## Commissioner-Level RTT Data Loader (Incomplete & DTA)

This script processes RTT (Referral to Treatment) data for NHS commissioners (National, Region, and ICB levels) and loads it into the `rtt_data` table in PostgreSQL.

### Functionality:
- **User Input**: The script accepts a file path, year, month, and pathway type (`'Incomplete'` or `'DTA'`).
- **Sheet Handling**: Automatically iterates through predefined sheets depending on the selected pathway type, ignoring irrelevant ones.
- **Cleaning**:
  - Skips national rows from Region/ICB sheets to prevent duplication.
  - Parses and converts percentage strings into float values.
- **Transformation**: Data is melted into long format and enriched with metadata (year, month, pathway type, geo level).
- **Atomic Insert**: Ensures all sheets are processed and merged before a single DB write is attempted — enabling all-or-nothing integrity.

This script ensures a consistent and clean ingestion pipeline for all commissioner-level RTT performance data, ready for querying and visualization.


In [1]:
import pandas as pd
from sqlalchemy import create_engine
from sqlalchemy.exc import SQLAlchemyError

In [None]:
# === USER INPUT ===
FILE_PATH = '../data/commissioner/Incomplete_apr2023_march_2024/Incomplete-Commissioner-12-Mar24.xlsx'
YEAR = 2024
MONTH = 3
PATHWAY_TYPE = 'DTA'  # 'Incomplete', 'DTA'

# === METRIC LOOKUP TABLE ===
METRICS_LOOKUP = {
    'Incomplete': [
        'Total number of incomplete pathways',
        '% within 18 weeks',
        'Average (median) waiting time (in weeks)',
        '92nd percentile waiting time (in weeks)',
        'Total 52 plus weeks'
    ],
    'DTA': [
        'Total number of incomplete pathways with a decision to admit for treatment',
        '% of incomplete pathways with a decision to admit for treatment'
    ]
}

# === DB CONNECTION ===
engine = create_engine("postgresql://postgres:<password>@localhost:5432/nhs_dashboard")

# === SHEET CONFIG ===
SHEETS = [
    ('National', 'National', 'NAT', 'NHS ENGLAND'),
    ('National with DTA', 'National', 'NAT', 'NHS ENGLAND'),
    ('Region', 'Region', None, None),
    ('Region with DTA', 'Region', None, None),
    ('ICB', 'ICB', None, None),
    ('ICB with DTA', 'ICB', None, None),
]

# === PROCESS EACH SHEET (all or nothing) ===
all_dfs = []


try:
    for sheet_name, geo_level, fixed_code, fixed_name in SHEETS:
        print(f"Preparing to process sheet: {sheet_name} for PATHWAY_TYPE: {PATHWAY_TYPE}")
        if PATHWAY_TYPE == 'DTA' and 'DTA' not in sheet_name:
            print(f"Skipping non-DTA sheet: {sheet_name}")
            continue
        if PATHWAY_TYPE != 'DTA' and 'DTA' in sheet_name:
            print(f"Skipping DTA-specific sheet: {sheet_name}")
            continue

        df = pd.read_excel(FILE_PATH, sheet_name=sheet_name, skiprows=13)
        # === REMOVE DUPLICATE NATIONAL ROWS from non-National sheets ===
        if sheet_name in ['Region', 'Region with DTA']:
            df = df[~((df['Region Name'].str.upper() == 'NHS ENGLAND') & (df['Region Code'] == '-'))]
        elif sheet_name in ['ICB', 'ICB with DTA']:
            df = df[~((df['ICB Name'].str.upper() == 'NHS ENGLAND') & (df['ICB Code'] == '-'))]

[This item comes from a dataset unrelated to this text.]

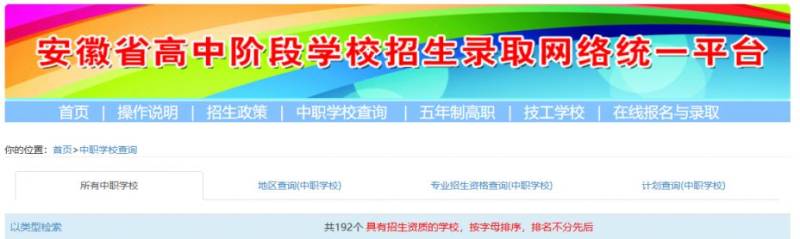 官方查询入口:安徽省高中学校招生录取网络统一平台
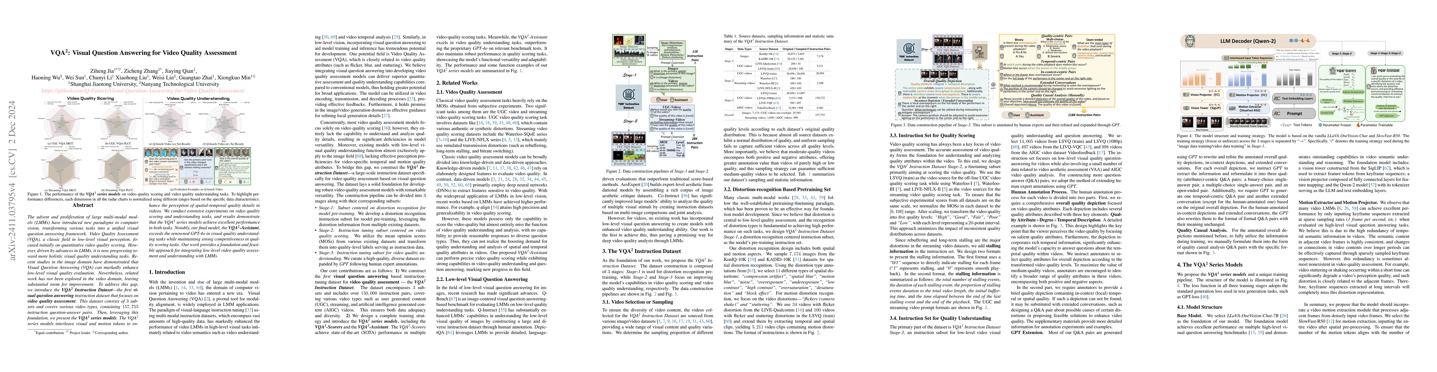The paper introduces VQA2, a visual question answering framework for video quality assessment, utilizing a new instruction dataset and achieving state-of-the-art results in both video quality scoring and understanding tasks, outperforming existing models like GPT-4o.

        percent_cols = [col for col in METRICS_LOOKUP[PATHWAY_TYPE] if '%' in col]
        for col in percent_cols:
            if col in df.columns:
                df[col] = (
                    df[col].astype(str)
                    .str.strip()
                    .replace('-', None)
                    .str.rstrip('%')
                    .astype(float)
                )

        # Assign codes and names
        if geo_level == 'National':
            df['org_code'] = fixed_code
            df['org_name'] = fixed_name
            df['region_code'] = None
        elif geo_level == 'Region':
            df['org_code'] = df['Region Code']
            df['org_name'] = df['Region Name']
            df['region_code'] = df['Region Code']
        elif geo_level == 'ICB':
            df['org_code'] = df['ICB Code']
            df['org_name'] = df['ICB Name']
            df['region_code'] = None  # To be joined later

        df['treatment_function_code'] = df['Treatment Function Code']
        df['treatment_function'] = df['Treatment Function']

        melted = df.melt(
            id_vars=['org_code', 'org_name', 'region_code', 'treatment_function_code', 'treatment_function'],
            value_vars=METRICS_LOOKUP[PATHWAY_TYPE],
            var_name='metric',
            value_name='value'
        )

        melted['value'] = pd.to_numeric(melted['value'], errors='coerce')
        melted['year'] = YEAR
        melted['month'] = MONTH
        melted['pathway_type'] = PATHWAY_TYPE
        melted['geo_level'] = geo_level

        all_dfs.append(melted)

    final_df = pd.concat(all_dfs, ignore_index=True)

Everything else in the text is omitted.